Python 的 os.path 被希伯来文件名阻塞
我正在编写一个必须移动一些文件的脚本,但不幸的是,它似乎不太适合国际化。 当我有以希伯来语命名的文件时,就会出现问题。 以下是目录内容的屏幕截图:
(来源:thegreenplace.net)
现在考虑此代码遍历此目录中的文件:
files = os.listdir('test_source')
for f in files:
pf = os.path.join('test_source', f)
print pf, os.path.exists(pf)
输出为:
test_source\ex True
test_source\joe True
test_source\mie.txt True
test_source\__()'''.txt True
test_source\????.txt False
请注意 os.path.exists 是如何认为希伯来语命名的文件根本不存在的? 我怎样才能解决这个问题?

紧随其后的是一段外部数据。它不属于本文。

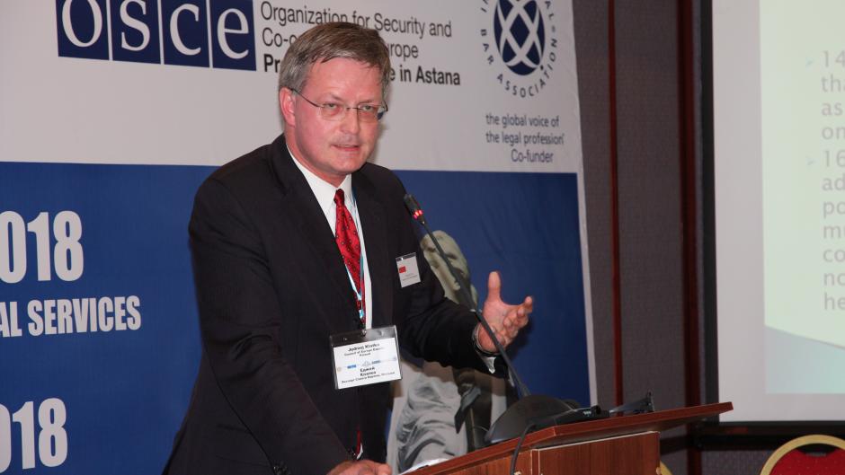 Expert Jedrzej Klatka speaking about the rules of ethics at the advocates conference, Almaty, 15 June 2018.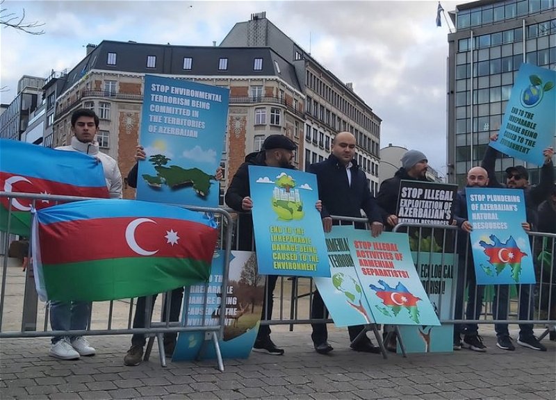 В Брюсселе перед зданием Европарламента Домом Азербайджана и Федерацией азербайджанцев Бельгии была организована мирная акция в знак протеста против армянского экотеррора.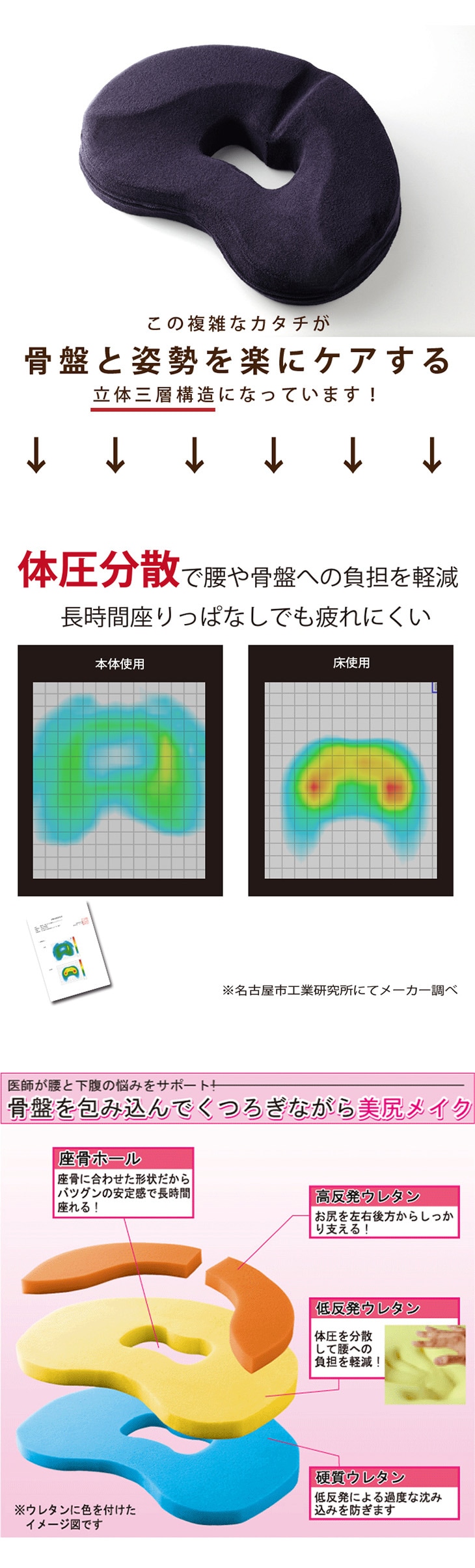 独自の立体3層構造。長時間座っても疲れにくい

Windows XP Home SP2 上的 ActivePython 2.5.2
I'm writing a script that has to move some file around, but unfortunately it doesn't seem os.path
plays with internationalization very well. When I have files named in Hebrew, there are problems. Here's a screenshot of the contents of a directory:
(source: thegreenplace.net)
Now consider this code that goes over the files in this directory:
files = os.listdir('test_source')
for f in files:
pf = os.path.join('test_source', f)
print pf, os.path.exists(pf)
The output is:
test_source\ex True
test_source\joe True
test_source\mie.txt True
test_source\__()'''.txt True
test_source\????.txt False
Notice how os.path.exists
thinks that the hebrew-named file doesn't even exist?
How can I fix this?
ActivePython 2.5.2 on Windows XP Home SP2
如果你对这篇内容有疑问,欢迎到本站社区发帖提问 参与讨论,获取更多帮助,或者扫码二维码加入 Web 技术交流群。
绑定邮箱获取回复消息
由于您还没有绑定你的真实邮箱,如果其他用户或者作者回复了您的评论,将不能在第一时间通知您!
发布评论
评论(4)
嗯,经过一些挖掘后,似乎在向 os.listdir 提供 unicode 字符串时,这有点作品:
===>
这里有一些重要的观察结果:
os.listdir
中(以及类似的函数,例如os.walk) 应传递一个 unicode 字符串,以便正确使用 unicode 路径。 这是上述链接的引用:
print
需要一个 ascii 字符串,而不是 unicode,因此路径必须编码为 ascii。Hmm, after some digging it appears that when supplying os.listdir a unicode string, this kinda works:
===>
Some important observations here:
os.listdir
(and similar functions, likeos.walk
) should be passed a unicode string in order to work correctly with unicode paths. Here's a quote from the aforementioned link:print
wants an ascii string, not unicode, so the path has to be encoded to ascii.它看起来像是 Unicode 与 ASCII 问题 -
os.listdir
返回 ASCII 字符串列表。编辑:我在 Python 3.0 和 XP SP2 上尝试过,
os.listdir
只是省略了希伯来语文件名,而不是完全列出它们。根据文档,这意味着它无法解码:
It looks like a Unicode vs ASCII issue -
os.listdir
is returning a list of ASCII strings.Edit: I tried it on Python 3.0, also on XP SP2, and
os.listdir
simply omitted the Hebrew filenames instead of listing them at all.According to the docs, this means it was unable to decode it:
它在 OS X 上使用 Python 2.5.1 的效果就像一个魅力:
也许这意味着这与 Windows XP 有某种关系?
编辑:我还尝试使用 unicode 字符串来更好地模仿 Windows 行为:
在终端(os x stock 命令提示符应用程序)中。 使用IDLE它仍然可以工作,但没有正确打印文件名。 为了确保它确实是 unicode,我检查了:
It works like a charm using Python 2.5.1 on OS X:
Maybe that means that this has to do with Windows XP somehow?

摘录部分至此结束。